§ **Work to be completed**
Beginning at the line that contains "- Tout feu tout" and finishing at the line that contains "De KNVB heeft", output the data below exactly. Include both end lines and no pictures.

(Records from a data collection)
# # # # # # #
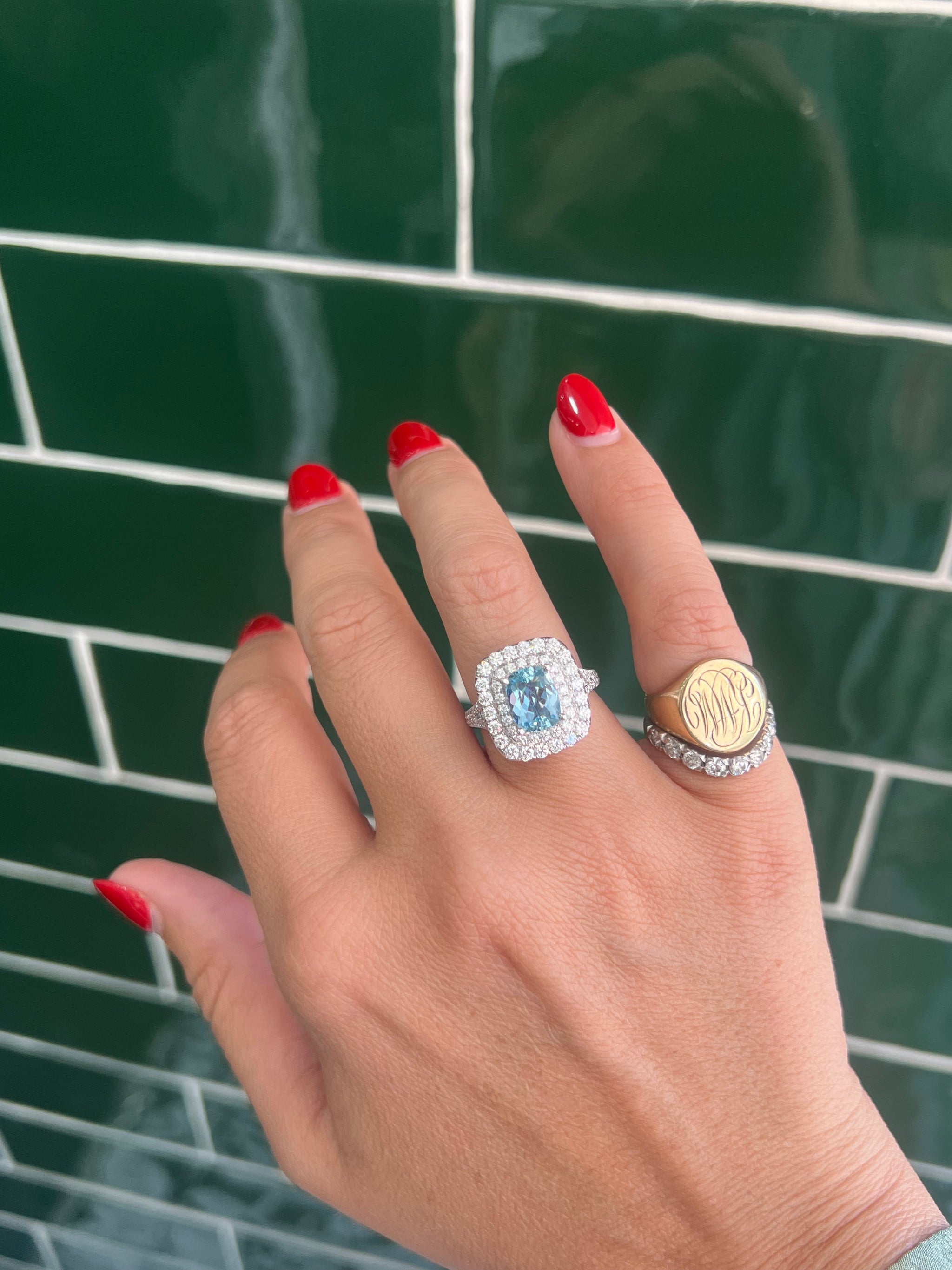 A lovely pale Aquamarine & Diamond three stone ring. Featuring a 3.33 carat princess cut...
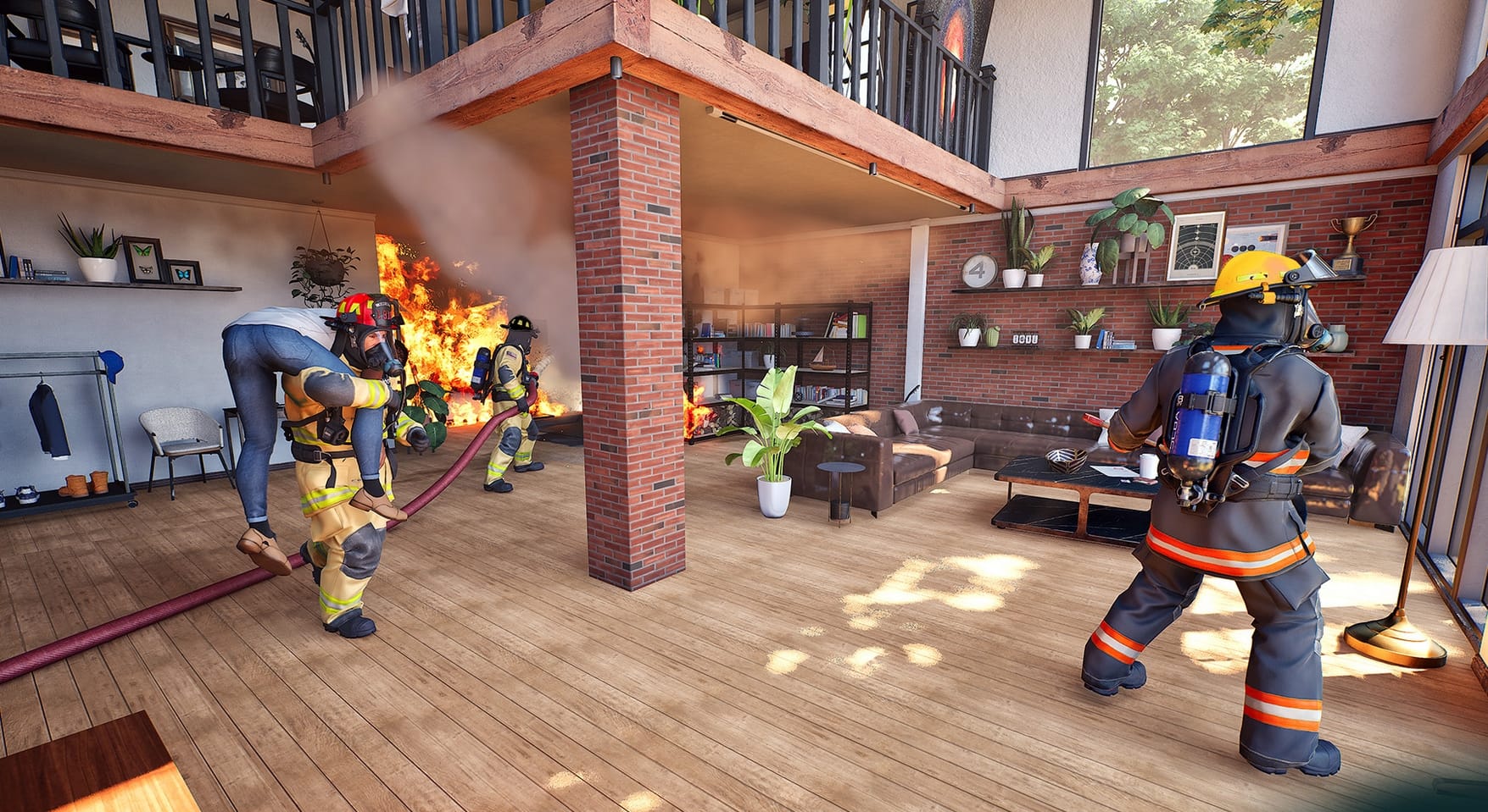 - Tout feu tout flamme. Cinq ans aprĂšs le dernier simulateur de pompiers, voici Firefighting Simulator : Ignite, du mĂȘme Ă©diteur. ConcrĂštement, on y retrouve les mĂȘmes mĂ©caniques que dans les simus de travail habituelles, sauf qu'en plus il y a du feu : on connecte la lance Ă incendie Ă la borne, on dĂ©coupe le toit de l'immeuble, on arrose les flammes, on porte des survivants, puis on conduit le camion jusqu'Ă la station. Attention, les premiers retours sont positifs mais recommandent d'attendre un patch ou deux.
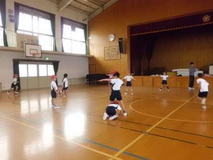 先日の体育でのおにごっこで,木おにというのを紹介して初めてやってみたのですが,タッチされて木になった友達を助けるためには,手を横に上げて足を広げているところをくぐらなければなりません。
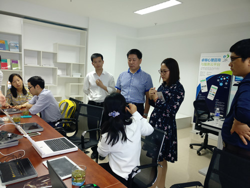 2017年5月19日,江苏省心理学会秘书处党支部书记邓铸教授、组织委员应荣华、宣传委员施聪莺等赴江苏省卓顿信息科技有限公司进行参观与指导并听取创业进展。
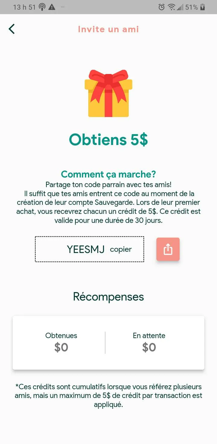 Salut! Télécharge l'application Sauvegarde et inscris-toi pour obtenir un crédit de 5$ avec mon code YEESMJsur ta première commande. Pour ios: https://apps.apple.com/in/app/sauvegarde/id1527634979 Pour Android: https://play.google.com/store/apps/details?id=com.sauvegarde.market
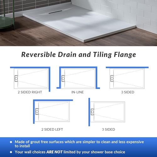 ? [REVERSIBLE DRAIN AND TILING FLANGE]:shower base can accommodate to a left or right-handed drain and the integrated tiling flange ensures no leaks will come between the shower base and walls, giving you peace of mind.
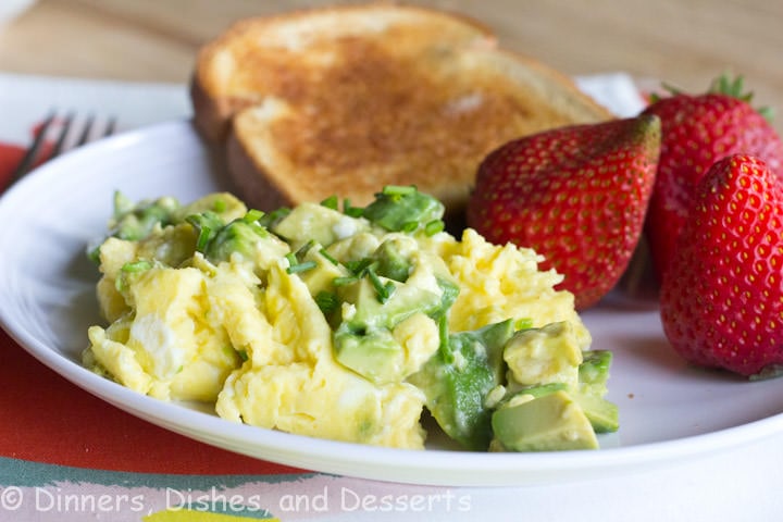 - Add the avocado, and continue stirring until the eggs are fully cooked.
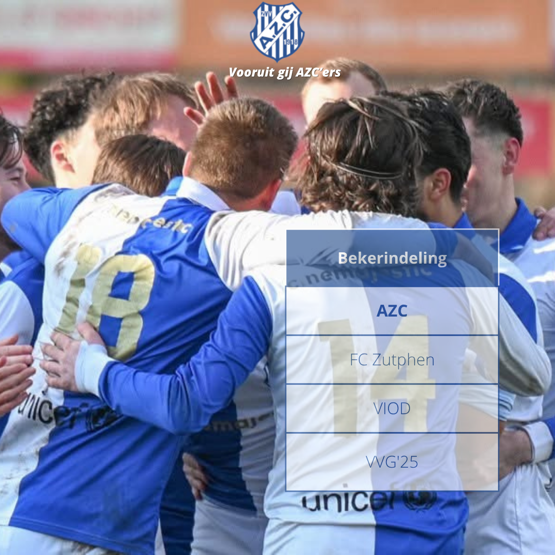 De KNVB heeft de indeling van de bekerpoules bekendgemaakt. AZC treft in de beker met VIOD en VVG’25 twee oude bekenden uit de competitie van vorig seizoen. En net als vorig jaar zijn de blauwwitten opnieuw ingedeeld bij stadsgenoot FC Zutphen.
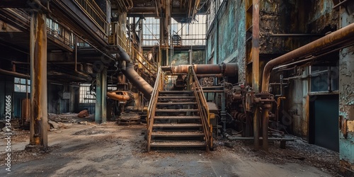 Rusty industrial staircase leading to decaying machinery in abandoned factory
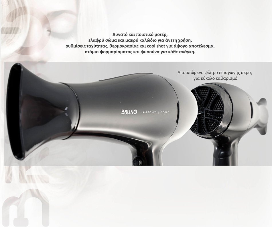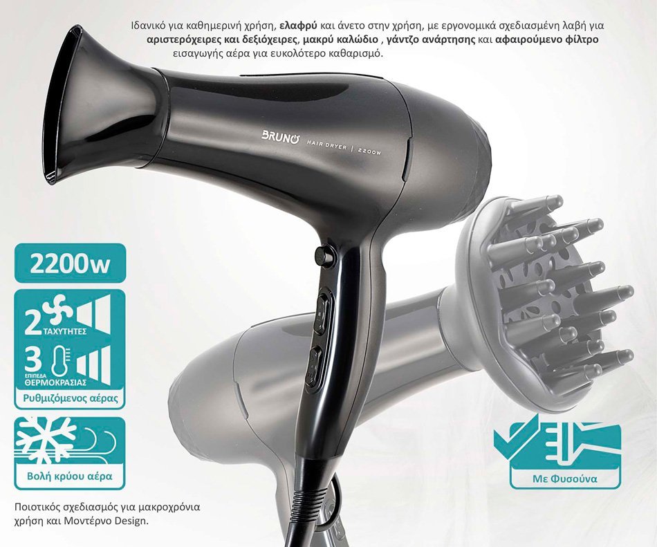 BRUNO σεσουάρ μαλλιών BRN-0154, 2200W, με φυσούνα, μαύρο
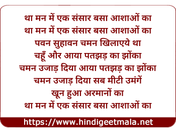 Lyrics of Tha Man Me Ek Sansar Basa Ashao Ka - था मन में एक संसार बसा आशाओं का
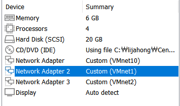 - KVM 1 설정이 끝났다. 이제 나머지 두 개의 가상 머신도 위 네트워크 설정을 보고, 각각 세부 설정 해주자
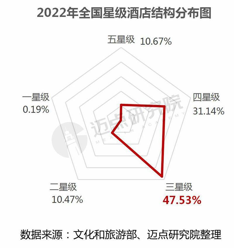 从星级酒店组成结构分析,7337家星级酒店中五星级酒店783家、四星级酒店2285家、三星级酒店3487家、二星级酒店768家、一星级酒店14家。从中可以得知:三星级酒店(一般对应经济型酒店)数量最多,占比47.53%,位列各星级榜首;其次是四星级酒店,占比31.14%。三星级和四星级合计占比78.67%,中端及中高端酒店构成星级酒店市场的基石。
# # # # # # #
§ **Written response**
 - Tout feu tout flamme. Cinq ans aprĂšs le dernier simulateur de pompiers, voici Firefighting Simulator : Ignite, du mĂȘme Ă©diteur. ConcrĂštement, on y retrouve les mĂȘmes mĂ©caniques que dans les simus de travail habituelles, sauf qu'en plus il y a du feu : on connecte la lance Ă incendie Ă la borne, on dĂ©coupe le toit de l'immeuble, on arrose les flammes, on porte des survivants, puis on conduit le camion jusqu'Ă la station. Attention, les premiers retours sont positifs mais recommandent d'attendre un patch ou deux.
 先日の体育でのおにごっこで,木おにというのを紹介して初めてやってみたのですが,タッチされて木になった友達を助けるためには,手を横に上げて足を広げているところをくぐらなければなりません。
 2017年5月19日,江苏省心理学会秘书处党支部书记邓铸教授、组织委员应荣华、宣传委员施聪莺等赴江苏省卓顿信息科技有限公司进行参观与指导并听取创业进展。
 Salut! Télécharge l'application Sauvegarde et inscris-toi pour obtenir un crédit de 5$ avec mon code YEESMJsur ta première commande. Pour ios: https://apps.apple.com/in/app/sauvegarde/id1527634979 Pour Android: https://play.google.com/store/apps/details?id=com.sauvegarde.market
 ? [REVERSIBLE DRAIN AND TILING FLANGE]:shower base can accommodate to a left or right-handed drain and the integrated tiling flange ensures no leaks will come between the shower base and walls, giving you peace of mind.
 - Add the avocado, and continue stirring until the eggs are fully cooked.
 De KNVB heeft de indeling van de bekerpoules bekendgemaakt. AZC treft in de beker met VIOD en VVG’25 twee oude bekenden uit de competitie van vorig seizoen. En net als vorig jaar zijn de blauwwitten opnieuw ingedeeld bij stadsgenoot FC Zutphen.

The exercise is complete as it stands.